When it rains it pours.
After the exciting news that Google funded my application to their digital humanities program, I found out this week that they will also fund another project of mine (full list): Defining and Solving Key Challenges in Microblog Search. The research will focus largely on helping people find and make sense of information that comes across Twitter.
Over the next year the project will support me and two Ph.D. students as we address (and propose some responses to) questions such as:
- What are meaningful units of retrieval for IR over microblog data?
- What types of information needs do people bring to microblogging environments and how can we support them? Is there a place for ad hoc IR in this space? If not (or even if so) what might constitute a ‘query’ in microblog IR?
- What criteria should we pursue to help people find useful information in microblog collections? Surely time plays a role here. Topical relevance is a likely suspect, as are various types of reputation factors such as TunkRank (and here).

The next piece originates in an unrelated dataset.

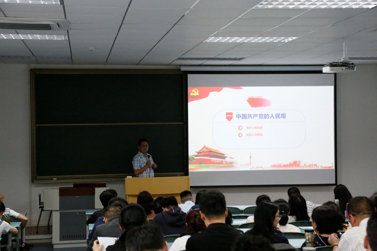 更好学习贯彻党的十九大精神,进一步加强和改进思想政治工作,2021年6月10日14:30,mansion88明升于求是楼213教室成功开展了“深入学习践行中国共产党的人民观”专题宣讲,认真学习贯彻习近平总书记重要讲话精神重要指示精神。学院党委书记税强主持活动,党委副书记任源钢导学,全体教师到场参与学习。

- How does microblog IR relate to more established IR problems such as blog search, expert finding, and other entity search issues?
For me, one of the most interesting issues at work in microblog IR is: how can we aggregate (and then retrieve) data in order to create information that is useful once collected but that might be uninteresting on its own?
Is it useful to retrieve an individual tweet that shares keywords with an ad hoc query? Maybe. But it seems more likely that people might seek debates, consensus, emerging sub-topics, or communities of experts with respect to a given topic. These are just a few of the aggregates that leap to mind. I’m sure readers can think of others. And I’m sure readers can think of other tasks that can help move microblog IR forward.
In case anyone wonders how this project relates to the other work of mine that Google funded (which treats retrieval over historically diverse texts in Google Books data), the short answer is that both projects concern IR in situations where change over time is a critical factor, a topic similar to what I addressed in a recent JASIST paper.
I’m excited to say that the kind folks at Google have funded my proposal to the Google Digital Humanities Awards Program.
The title of the project is Meeting the Challenge of Language Change in Text Retrieval with Machine Translation Techniques, and as the name implies the work will tackle language drift in IR, but language drift on a nettlesome order.
Specifically, the work will focus on Google Books data where a great deal of text may indeed be written in a given language (I’m focusing on English), but it may also have been written in the 18th Century, the 17th Century, etc. Anyone who has studied Shakespeare or Chaucer (or less poetically, Robert Burton or Thomas Hobbes) can remind you that a wide gulf separates our vernacular from English of the medieval period , the Renaissance, the 17th Century, etc..
The project aims to support search across historically diverse corpora. But more generally, the work will address the question: how can we model language (empirically and statistically) in an environment where texts treating similar topics often use dissimilar lexical and even syntactic features?
As a sample use case, we may consider a scholar whose research treats historical issues related to literacy and the rise of the merchant class in Europe. During his research, this scholar might find the following passage. In the introduction to his 1623 English Dictionarie, Henry Cockeram addresses his intended audience:
Ladies and Gentlewomen, young Schollers, Clark Merchantz, and also Strangers of any Nation.
Finding this passage of interest, the researcher submits it to a retrieval system such as Google Books in hopes of finding similar texts (i.e. this is a type of query by example). To meet this challenge, the search system must overcome the idiosyncracies of 17th Century written English. To find results in more recent English, the search system must induce a model of the information need that accounts for the probability that schollers is a translation of scholars and that clark merchantz is a translation of statute merchants, etc. Similar processes need to happen for retrieval over earlier English texts.
My angle on this problem is that we can approach it as a type of machine translation, where the English of period X comprises a source language and period Y’s English is a target language. The nice thing about the IR setting is that I think we don’t need to find a single “correct” translation of a query. Instead, the work will generate an expanded model of the information need in the target language.
This problem has native merits. But I’m especially excited to take it on because it comprises part of an interesting body of work on temporal issues in IR (see my own contribution here or here, as well as excellent work Susan Dumais with Jon Elsas here, and with Jamie Teevan, Eytan Adar, Dan Leibling, and Richard Hughes here, here and here; this list isn’t exhaustive, omitting obvious links to the topic detection and tracking literature).
More to come as the project matures.